Asian casino owner's kin split assets in legal clash
Let Stanley Ho be an example to us all. And not only by amassing one of the world's great fortunes.
Ho could have fought in court to hang on to every million, clutch each asset until complete strangers whispered, "What a selfish old goat." He's 89. This way, maybe, a court settlement will bring peace in his family.
And what a family.
Ho has 16 children by four wives. Grandchildren and great-grandchildren, too. Bloomberg News didn't do the whole head count when reporting how Ho settled out of court the other day in a lawsuit he had brought against his kids.
He agreed to distribute to them almost his entire stake in Asia's biggest casino company, bigger by far than anything in Las Vegas. When Asians roll the dice, their destination of choice on their own continent is Macau, a fabulous relic of colonialism on the coast of China, like Hong Kong, where Ho lives.
The "house" in Las Vegas, Atlantic City or Monte Carlo may collect big, but the take in Macau dwarfs them all. Its casino revenues are four times those of the famous Vegas Strip. And it was Stanley Ho who brought the phenomenon to Macau, with government's friendliest nod, 50 years ago.

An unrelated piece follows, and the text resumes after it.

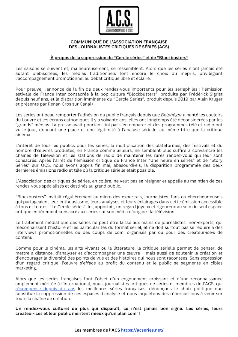 Alors que les séries françaises font l’objet d’un engouement croissant et d’une reconnaissance amplement méritée à l’international, nous, journalistes critiques de séries et membres de l’ACS, qui récompense depuis dix ans les meilleures séries françaises, dénonçons le choix politique que constitue la suppression de ces espaces d’analyse et nous inquiétons des répercussions à venir sur toute la chaîne de création.
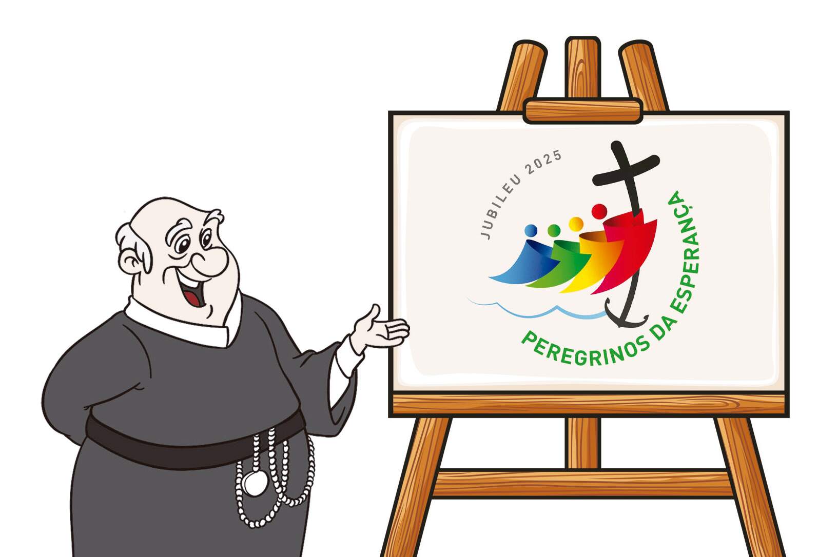 O símbolo do Jubileu representa a humanidade unida pelos quatro cantos da Terra, com figuras que se abraçam em um gesto de solidariedade e fraternidade.

The holding company of his empire has a long name but boils down to initials, STDM. Ho owned just short of a third of STDM, at 31.7 percent. But now the mother of his youngest children, Angela, who is managing director and used to have 2 percent at most, will own 6 percent. Other family members will split 25.538 percent. Ho keeps just 0.117 percent. (Numbers running out to three decimal points are a clue to how valuable these fractions are.)
Ho's lawsuit alleged that his florally named daughters, Pansy Ho and Daisy Ho, and other family members simply seized his stake in the company. He wanted the court to give it all back to him to distribute differently, yet not outside the bloodline.
STDM owns 55.69 percent of the casino operations, giving the family stake a market worth of 12.7 Hong Kong dollars ($1.6 billion U.S.).
The news report portrayed a clan not unlike interlocking companies. The dispute started when his third wife, Chan, and children Pansy, Daisy, Maisy, Josie and Lawrence took control of yet another company called Lanceford, which is the biggest stakeholder in STDM. The old man didn't like that. His lawyer said he wanted assets divided equally among the offspring.
Last year Forbes magazine ranked Ho as Hong Kong's 13th-richest man with a net worth of $3.1 billion. Macau's colonial government issued a gambling monopoly to Ho and partners in 1962. Forty years later in 2002, the sweet exclusive expired. Macau began licensing competitors, including Sheldon Adelson's Las Vegas Sands Corp. and Steve Wynn's Wynn Resorts Ltd. But the house that Ho built commands a 50 percent-plus market share spread out in several casinos. Macau is the only place in China where institutionalized gaming is legal.
Hard feelings in a family, especially over money, don't enhance an old gentleman's health. Ho spent seven months in a hospital before being released last March. Time will tell if the court settlement makes him feel better. Bet it does.